Truth Be Told!

By Irvine Koech

We don’t care much about things that are readily available, and often unseen. Despite its numerous applications, compressed air is one of those utilities that we don’t give much thought to. The air that goes into our car tires or packets of crisps is not stored in gigantic cylinders and replenished naturally. All the hard work of drawing air from the atmosphere and reducing its volume so that it fits into a storage cylinder is done by a motor-driven machine known as a compressor.

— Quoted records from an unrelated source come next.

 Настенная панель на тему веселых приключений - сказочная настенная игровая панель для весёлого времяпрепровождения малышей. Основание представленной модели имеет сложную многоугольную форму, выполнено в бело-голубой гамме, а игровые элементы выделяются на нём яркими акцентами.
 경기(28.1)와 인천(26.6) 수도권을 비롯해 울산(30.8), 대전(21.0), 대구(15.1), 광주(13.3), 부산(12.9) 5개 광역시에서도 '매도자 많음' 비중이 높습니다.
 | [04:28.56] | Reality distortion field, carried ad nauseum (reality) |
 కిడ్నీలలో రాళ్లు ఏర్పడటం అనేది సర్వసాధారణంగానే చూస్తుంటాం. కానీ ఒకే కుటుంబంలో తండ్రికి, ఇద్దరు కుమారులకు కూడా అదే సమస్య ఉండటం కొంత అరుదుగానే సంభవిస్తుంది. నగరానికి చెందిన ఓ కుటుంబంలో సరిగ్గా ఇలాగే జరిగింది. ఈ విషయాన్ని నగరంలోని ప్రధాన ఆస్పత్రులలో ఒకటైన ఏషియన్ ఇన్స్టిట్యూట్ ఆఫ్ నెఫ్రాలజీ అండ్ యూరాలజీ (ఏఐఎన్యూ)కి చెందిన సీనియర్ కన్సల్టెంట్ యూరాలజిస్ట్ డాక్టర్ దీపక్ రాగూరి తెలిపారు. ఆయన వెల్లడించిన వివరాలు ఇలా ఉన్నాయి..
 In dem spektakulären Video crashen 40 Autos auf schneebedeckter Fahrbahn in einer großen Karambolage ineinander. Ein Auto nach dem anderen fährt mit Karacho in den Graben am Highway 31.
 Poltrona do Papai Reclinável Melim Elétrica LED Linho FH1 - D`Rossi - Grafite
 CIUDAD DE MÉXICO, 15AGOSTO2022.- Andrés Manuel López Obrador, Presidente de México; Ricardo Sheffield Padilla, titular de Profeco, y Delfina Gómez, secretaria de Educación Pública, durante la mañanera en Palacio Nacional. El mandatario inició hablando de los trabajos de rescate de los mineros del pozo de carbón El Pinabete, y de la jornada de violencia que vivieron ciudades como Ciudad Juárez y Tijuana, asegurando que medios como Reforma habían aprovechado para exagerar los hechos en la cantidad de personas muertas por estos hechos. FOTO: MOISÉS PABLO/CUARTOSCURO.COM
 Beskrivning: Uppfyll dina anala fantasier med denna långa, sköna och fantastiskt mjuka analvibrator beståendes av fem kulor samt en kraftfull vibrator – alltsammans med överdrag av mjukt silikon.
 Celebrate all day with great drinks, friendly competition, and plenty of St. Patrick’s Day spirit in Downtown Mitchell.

It does not come as a surprise that most people do not bother to ascertain if their compressed air systems are running efficiently. Just because you still get some air out of the nozzle does not mean that your compressor is running as it should be. It is important to note that energy losses in compressed air systems occur from the supply side all the way to the demand side. When these energy losses go unchecked, the compressor is usually forced to work harder than it normally should. It is for this reason that your electricity costs will keep escalating.

By the time a compressor finishes reducing the volume of atmospheric air and channeling it to the storage cylinder, energy losses would have already occurred within the system. 5% of the supplied energy is taken up by mechanical losses which occur as a result of the movement of pistons or vanes within the compressor’s cylinder. A lot of heat is generated when the volume of air is reduced within controlled conditions. For safety purposes, a compressor has to undergo some form of cooling as it operates, otherwise the heated air could cause fires if it comes into contact with lubricants or any other combustible materials. 80% of the supplied energy is lost in the process of reducing the volume of air and subsequently cooling it. Therefore, only 10-15% of the supplied energy ends up being used for meaningful work. No wonder compressors are said to have an efficiency of 10-15%.

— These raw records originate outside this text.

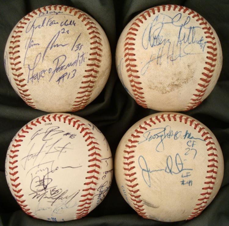 Offered here are four Califiornia League Baseball's from 1997. Each ball has several signatures on them, one ball has been signed by the entire team. Three of them are game balls and one of them is new.The California League is a Class A Advanced minor league baseball league which operates throughout the state of California and was founded in 1941. Before 2002, it was classified as a "High-A" league, indicating its status as a Class A league with the highest level of competition within that classification, and the fifth step between Rookie ball and the Major Leagues. Although Minor League Baseball, the umbrella organization for Minor Leagues that are affiliated with Major League Baseball, has eliminated the distinction between High-A and other full-season A leagues, most Major League teams still use such leagues as a standard promotion step. A few draftees, generally early-round draftees with college experience, will be assigned to a High-A team upon signing a professional contract, but generally players will not arrive at this level until their third or fourth year of professional play.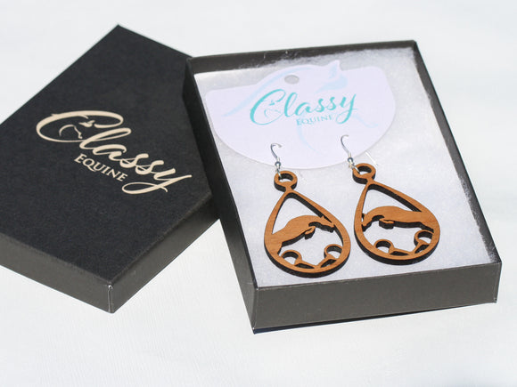 Abstract horse cherry hardwood laser cut earrings. They are unique and made in house here in Oregon. They will come in a gift box ready to gift to a friend or keep for yourself!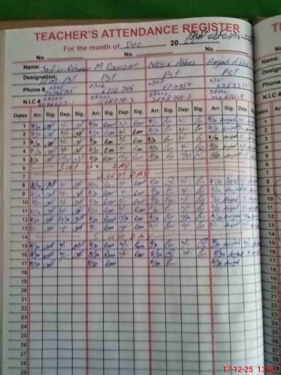 | CNIC | Full Name | Designation | R/C | Absence During Last Calender Month |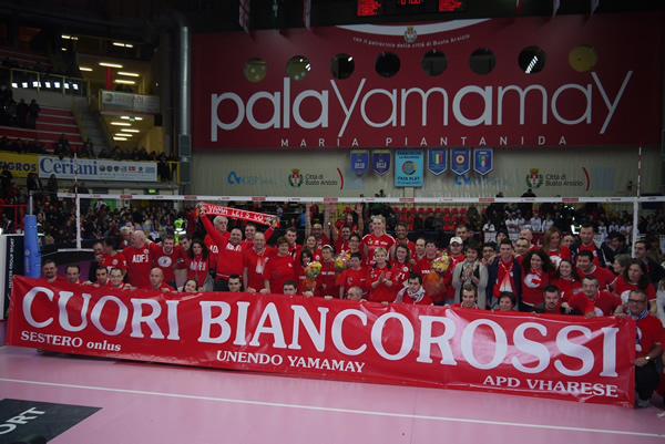 Quella di domenica 17 febbraio è stata una serata molto speciale per i ragazzi del Vharese: una corposa delegazione dell’associazione varesina, in prima fila nell’organizzazione di attività sportive per disabili, ha potuto assistere dalle tribune del PalaYamamay all’incontro del campionato di pallavolo femminile tra Unendo Yamamay Busto Arsizio e Chateau d’Ax Urbino. Grazie all’ospitalità della Futura Volley, oltre 40 atleti delle sezioni calcio, basket, nuoto e bocce hanno così potuto sostenere calorosamente le loro "beniamine", celebrate anche con il gigantesco striscione "Cuori Biancorossi", e sono stati alla fine premiati dalla vittoria di Caracuta e compagne.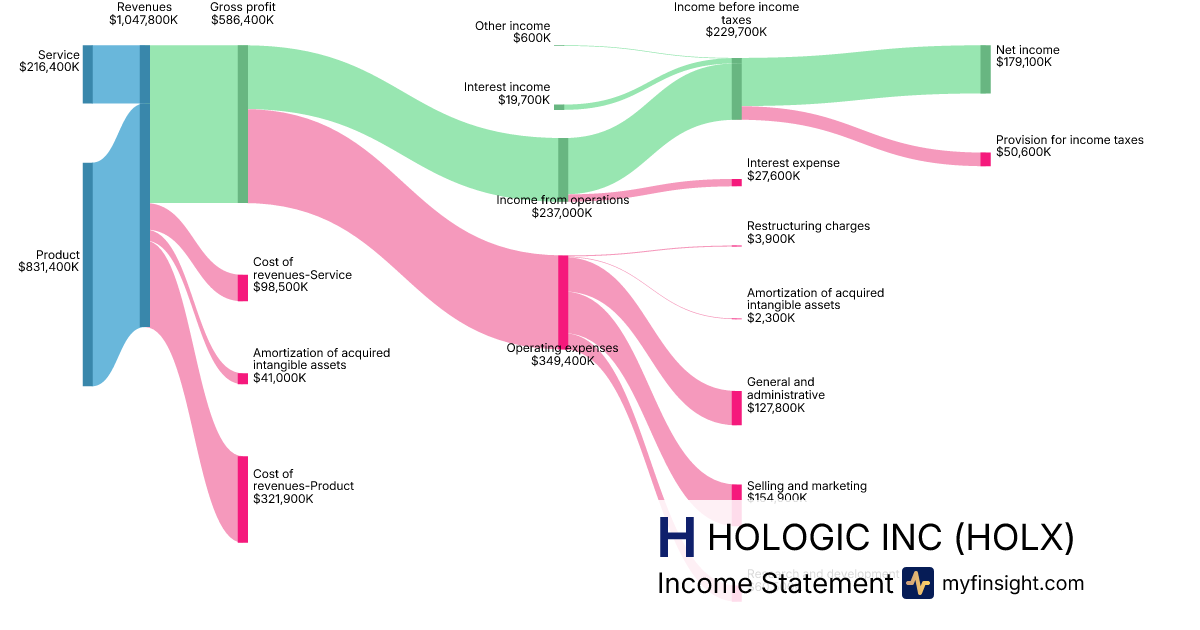 For the quarter ending 2025-12-27, HOLX made $1,047,800K in revenue. $179,100K in net income. Net profit margin of 17.09%.

The overall efficiency of a compressor can still drop below the 15% mark as a result of losses that occur on the demand side. Air leakages found in threaded joints, hoses, couplings and fittings are some of the major challenges faced when dealing with compressed air systems. Other challenges include (but are not limited to) pressure loss due to improper sizing of the pipes, corrosion of pipes and metal rust caused by poor drying of compressed air. Some of these problems can be looked at as low hanging fruits when it comes to identifying energy saving opportunities because they can be fixed with minimal investment costs.

Given the myriad of challenges that occur within compressed air systems, it is important to keep track of the performance of the system through monitoring. In today’s world, data drives decision making. If you are interested in determining the efficiency of the compressor, you will need to collect vital data such as the input power and the flow rate. With such information, it becomes easier to develop and track Key Performance Indicators (KPIs) for the compressed air system. For more information on the types of KPIs for industrial compressed air systems, please check out the CSA C837 Standard: Monitoring & Energy Performance of Compressed Air Systems.

In conclusion, it is evident that people stand to make significant reductions on their energy expenses by paying attention to how their compressed air system behaves. Some of the interventions do not require tremendous amounts of effort. Checking for air leakages and minimizing waste by using compressed air for the right purpose could result in lower energy consumption. Before you purchase or replace a compressor, it is important to engage the right professionals so that they can guide you on selecting the right compressor size for your needs. Experts will also leave you with important nuggets of wisdom that would enable you to get the most value out of your investment. For instance, most clients would want to settle on PVC piping for distributing compressed air within a facility since they are cheaper than steel or aluminum pipes. Given that such pipes degrade easily, they pose safety hazards when they become brittle and start oozing compressed air that is under enormous pressure.